I turn the faucet on to get the tube full and syphon flowing. When tube fills and water starts to drain I turn off the tap. Are you telling me people are leaving the tap water running?


----------



## lildark185 (Jul 7, 2006)

Brilliant said:


> Are you telling me people are leaving the tap water running?


With the tap water running, there is a constant pressure to drain the water out of the tank faster and for those who have center braces in their tanks, I think keeping the water on would be less of a hassle than to turn the tap off, clean one side turn the tap on and clean the other side.


----------



## trag (Jan 9, 2008)

Brilliant said:


> Hi,
> 
> I turn the faucet on to get the tube full and syphon flowing. When tube fills and water starts to drain I turn off the tap. Are you telling me people are leaving the tap water running?


For the original poster, his tank is lower than his drain. So he would have to leave the tap on in order to continue draining water, assuming that he could get enough pressure from the venturi effect to drain any water at all.


----------



## gibmaker (Jan 3, 2007)

As far as lead goes.........are they not used as plant weights?


----------



## Brilliant (Jun 25, 2006)

trag said:


> For the original poster, his tank is lower than his drain. So he would have to leave the tap on in order to continue draining water, assuming that he could get enough pressure from the venturi effect to drain any water at all.


I understand. I agree...and the water will not drain...at least not at a fast rate. I was shocked people leave the water on...!
As mentioned before..hobby pump is the way to go in this senario.



lildark185 said:


> With the tap water running, there is a constant pressure to drain the water out of the tank faster and for those who have center braces in their tanks, I think keeping the water on would be less of a hassle than to turn the tap off, clean one side turn the tap on and clean the other side.


I have a center brace on most of my tanks.

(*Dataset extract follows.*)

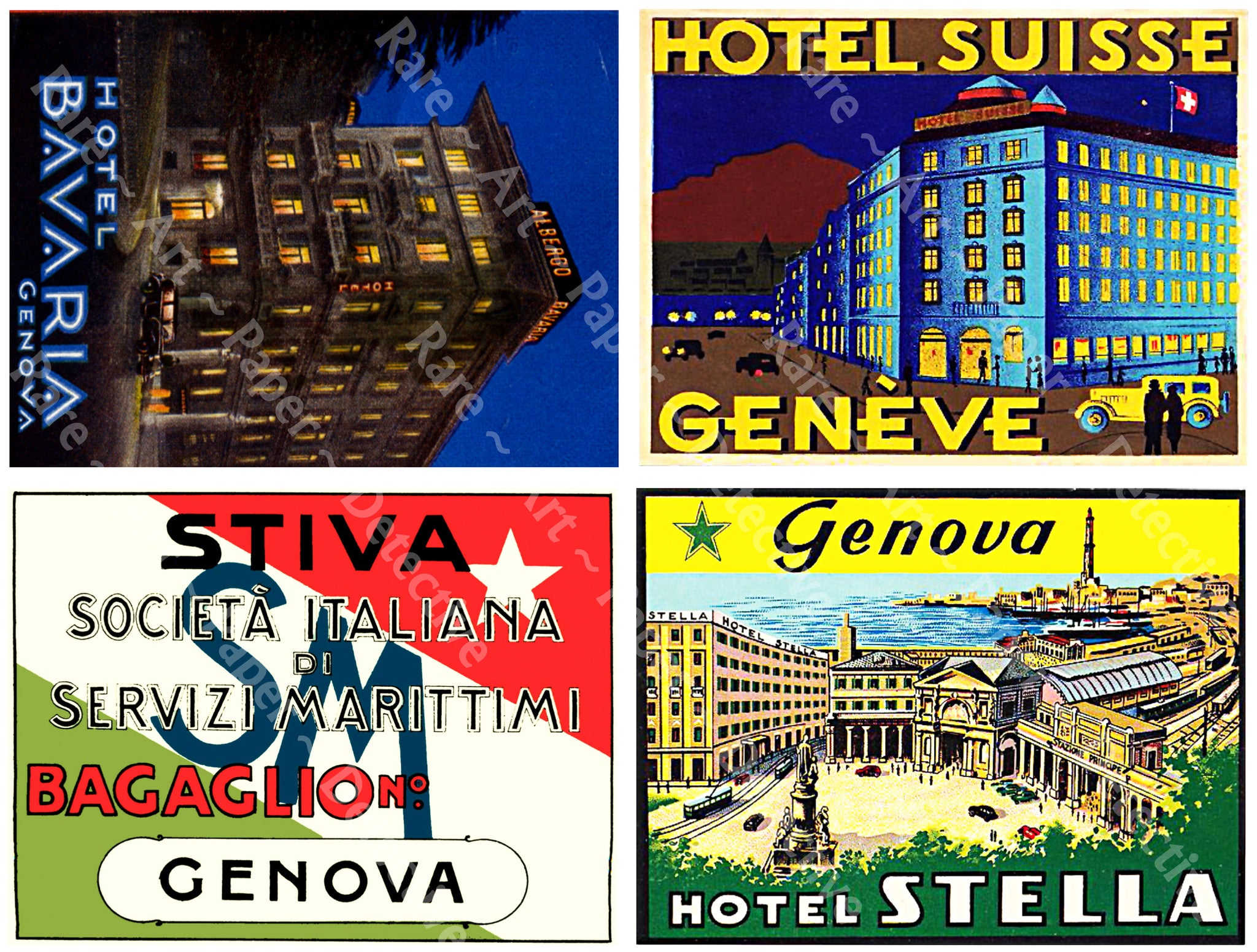 This set of exceptionally colorful hotel luggage labels are right out of the Golden Age of Travel. These travel label reproductions are great for your own travel trunks, up-scaling old suitcases, adding distinguishing marks to your modern luggage bags and all sorts of collage and trip journal accents. The vintage look and style are very eye catching and look particularly stunning on my matte sticker paper. Create a old style travel journal with authentic looking used envelopes using exotic airmail stamps and pages with labels from around the world.

I have a filter intake connected to the end of my python so the tube doesnt fall out when I refill...its also cut just right to take certain amount of water out of my 90g. I thought the vacumn tube was for DIY projects.  To clarify, you are trying to justify wasting water....its not working...for me.


----------



## Erirku (Oct 5, 2004)

Whats with wasting all this water. Why not have the hose left on the lawn, instead of dumping all the fish poo water or clean water down the drain!!! To get in shape, I have several buckets lined up in my house and truck all that gunk to the lawn. Keeps me in shape makes me stop being lazy. LOL.


----------



## Diana K (Dec 20, 2007)

Python and similar equipment will not be very efficient in getting water to run up hill.
Set up this:
Storage box large enough to hold around 10-15 gallons. Put this near each tank. 
Ordinary gravel vac for water change, water goes into the storage container.
Clean the filter parts in this used water. 
Pump from the storage box to an upstairs bathtub via garden hose. To pump water up one story in any sort of efficient manner you are likely looking at a pretty big pump- read the label and you will find out how many gallons it pumps when it has to pump uphill about 10' high. Smaller pumps wimp out and will not lift water that high. Use the larger hose or tubing that fits the pump, do not use fittings to make the hose smaller than the outlet to the pump. If the pump you find has a 1" outlet (Like 1000 gallons per hour fountain pump) you will not be using garden hose, but vinyl tubing, which is available in 1" diameter. 
Dirty water will go down the bathtub into the septic tank.
Better is to run this water outside to water the garden, actually.
Refill can be via Python. Water will be running downhill from sink to tank, and Python works fine for this. 

Use the Python for emptying any tanks that are about the same elevation as the sink, or higher. It wastes too much water to empty the tank via python, when the sink is higher than the tank. You may overwhelm your septic system dumping all that water into it at one time.


----------